I've asked this question in my local area with no results..How do you know if you have or cut a "Curly Maple"???What do you look for???I'm clueless....


----------



## Curlycherry1 (Oct 19, 2009)

RRSsawshop said:


> I've asked this question in my local area with no results..How do you know if you have or cut a "Curly Maple"???What do you look for???I'm clueless....



In really good cases it will show up as undulations in the bark and in the wood under the bark. In lesser cases it will only be present when you open the log up on a mill. Here is a photo of a piece of soft maple with the bark still on part of it and you can see the curly figure in the outside of the board. This is a pretty high figure board so it shows up really well at the outside of the tree. With hard maple it can be much more subtle and may not project to the outside as well as shown in the picture.

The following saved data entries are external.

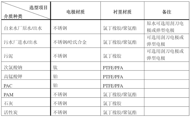 電*對(duì)被測(cè)量介質(zhì)的耐腐、抗磨蝕、無電化學(xué)反應(yīng)是選擇材質(zhì)考慮的因素。常用金屬材料有含鉬耐酸鋼、哈氏合金B(yǎng)、哈氏合金C、鈦、鉭、鉑銥合金等。由于介質(zhì)種類繁多,其腐蝕性又受溫度、濃度、流速等復(fù)雜因素影響而變化,生產(chǎn)廠僅能給出很粗略的各種電*的適用范圍。電*材質(zhì)的選擇可從使用者借鑒該介質(zhì)在其他設(shè)備的應(yīng)用實(shí)例和以往的經(jīng)驗(yàn)來確定。浙江某自來水廠用于計(jì)量5-10%次氯酸鈉投加,電*材質(zhì)選擇了哈氏合金,在運(yùn)行使用1年多的時(shí)間后,出現(xiàn)傳感器故障,返廠檢測(cè)發(fā)現(xiàn)電*腐蝕,后我司選擇鈦電*材質(zhì),現(xiàn)運(yùn)行情況良好。水行業(yè)常規(guī)選型詳見表2。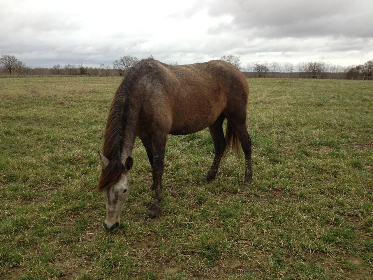 | Dire merci | il ne glisse pas du tout, il est pieds nus pour l'instant (et il ne sera ferré que quand ça sera vraiment nécessaire, comme de toute façon il vit au pré, c'est dangereux de ferrer les postérieurs, et comme c'est un étalon c'est aussi dangereux de ferrer les antérieurs...) |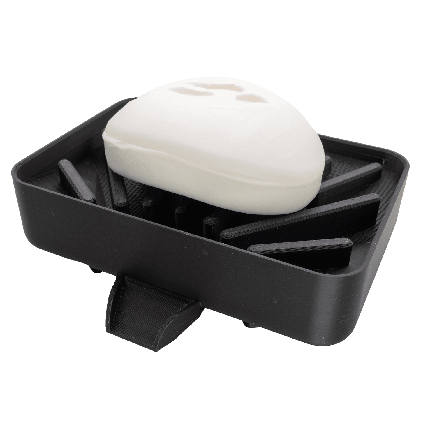 Designed to be sleek and functional, this soap or sponge holder conveniently sends water down the drain for you.

I work with a lot of figured hardwoods, hence my screen name. Birdseye maple also can be seen from the outside of the tree and if you do a Google search you will find a publication put out by WI about how to identify birdseye maple. I also have birdseye walnut logs that show the birdseyes on the outside of the bark. Those are extremely rare and so you have virtually no chance of finding them, I just like to rub it in that I have some. Curly cherry and curly walnut sometimes show up under the bark, but those are rare cases. They often just show up as a chatoyance when the wood is planed and you would never spot it without looking for it when the boards are sawn from the log.


----------



## RCR 3 EVER (Oct 24, 2009)

In our woods we have been told we have some Curly maples and they are identifieable. At least on ours the bark is very thick and "curly" and the tree trunk is wider in diameter at the base up to the first major branches then the bark appears normal and the tree thins down in diameter near the top of tree. 

I hope to make a mantle and fireplace surround out of one of the trees someday.

Hope these photos help, they do not show the whole tree and 1 photo is close up of the bark.


----------



## Curlycherry1 (Oct 24, 2009)

That maple looks interesting. Much of that rough bark is characteristic of birdseye maple and I encourage you to look at this field guide and see if you can spot any eyes coming through to the bark. Do NOT damage any of the bark. That supposedly will cause the heartwood to expand and decrease the value of the log.

http://www.treesearch.fs.fed.us/pubs/10800

Unfortunately I have cut maples like that up for firewood and they can be nothing but plain old ugly barked maple. Sometimes they are curly or Birdseye, but they can be just plain old wood too. Mother Nature loves to mess with us.


----------